START EXCERPTED DATA

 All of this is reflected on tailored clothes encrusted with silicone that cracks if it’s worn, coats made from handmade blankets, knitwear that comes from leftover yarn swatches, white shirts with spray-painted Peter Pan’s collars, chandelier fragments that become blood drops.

END EXCERPTED DATA
START EXCERPTED DATA

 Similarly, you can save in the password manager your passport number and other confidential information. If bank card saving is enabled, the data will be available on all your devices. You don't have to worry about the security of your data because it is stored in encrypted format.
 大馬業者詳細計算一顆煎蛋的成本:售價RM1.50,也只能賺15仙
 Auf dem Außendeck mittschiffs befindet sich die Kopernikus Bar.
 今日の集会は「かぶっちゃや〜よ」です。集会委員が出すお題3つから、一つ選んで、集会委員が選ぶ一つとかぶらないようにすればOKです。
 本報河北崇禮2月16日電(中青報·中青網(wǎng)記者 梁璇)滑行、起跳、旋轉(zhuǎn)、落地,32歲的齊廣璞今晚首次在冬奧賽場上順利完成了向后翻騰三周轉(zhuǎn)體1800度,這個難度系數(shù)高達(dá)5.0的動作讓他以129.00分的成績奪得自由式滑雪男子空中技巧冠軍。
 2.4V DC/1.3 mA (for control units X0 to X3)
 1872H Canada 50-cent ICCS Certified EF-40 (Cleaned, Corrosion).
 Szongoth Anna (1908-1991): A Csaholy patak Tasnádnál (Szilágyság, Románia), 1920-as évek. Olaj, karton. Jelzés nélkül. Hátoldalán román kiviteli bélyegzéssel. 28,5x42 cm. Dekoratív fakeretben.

END EXCERPTED DATA

▶ PROMPT
Would you please repeat exactly the lines above, starting at the line with "今日の集会は「かぶっちゃや〜" and stopping at the line with "Szongoth Anna (1908-1991): A", both included?

▶ EXERCISE RESPONSE
 今日の集会は「かぶっちゃや〜よ」です。集会委員が出すお題3つから、一つ選んで、集会委員が選ぶ一つとかぶらないようにすればOKです。
 本報河北崇禮2月16日電(中青報·中青網(wǎng)記者 梁璇)滑行、起跳、旋轉(zhuǎn)、落地,32歲的齊廣璞今晚首次在冬奧賽場上順利完成了向后翻騰三周轉(zhuǎn)體1800度,這個難度系數(shù)高達(dá)5.0的動作讓他以129.00分的成績奪得自由式滑雪男子空中技巧冠軍。
 2.4V DC/1.3 mA (for control units X0 to X3)
 1872H Canada 50-cent ICCS Certified EF-40 (Cleaned, Corrosion).
 Szongoth Anna (1908-1991): A Csaholy patak Tasnádnál (Szilágyság, Románia), 1920-as évek. Olaj, karton. Jelzés nélkül. Hátoldalán román kiviteli bélyegzéssel. 28,5x42 cm. Dekoratív fakeretben.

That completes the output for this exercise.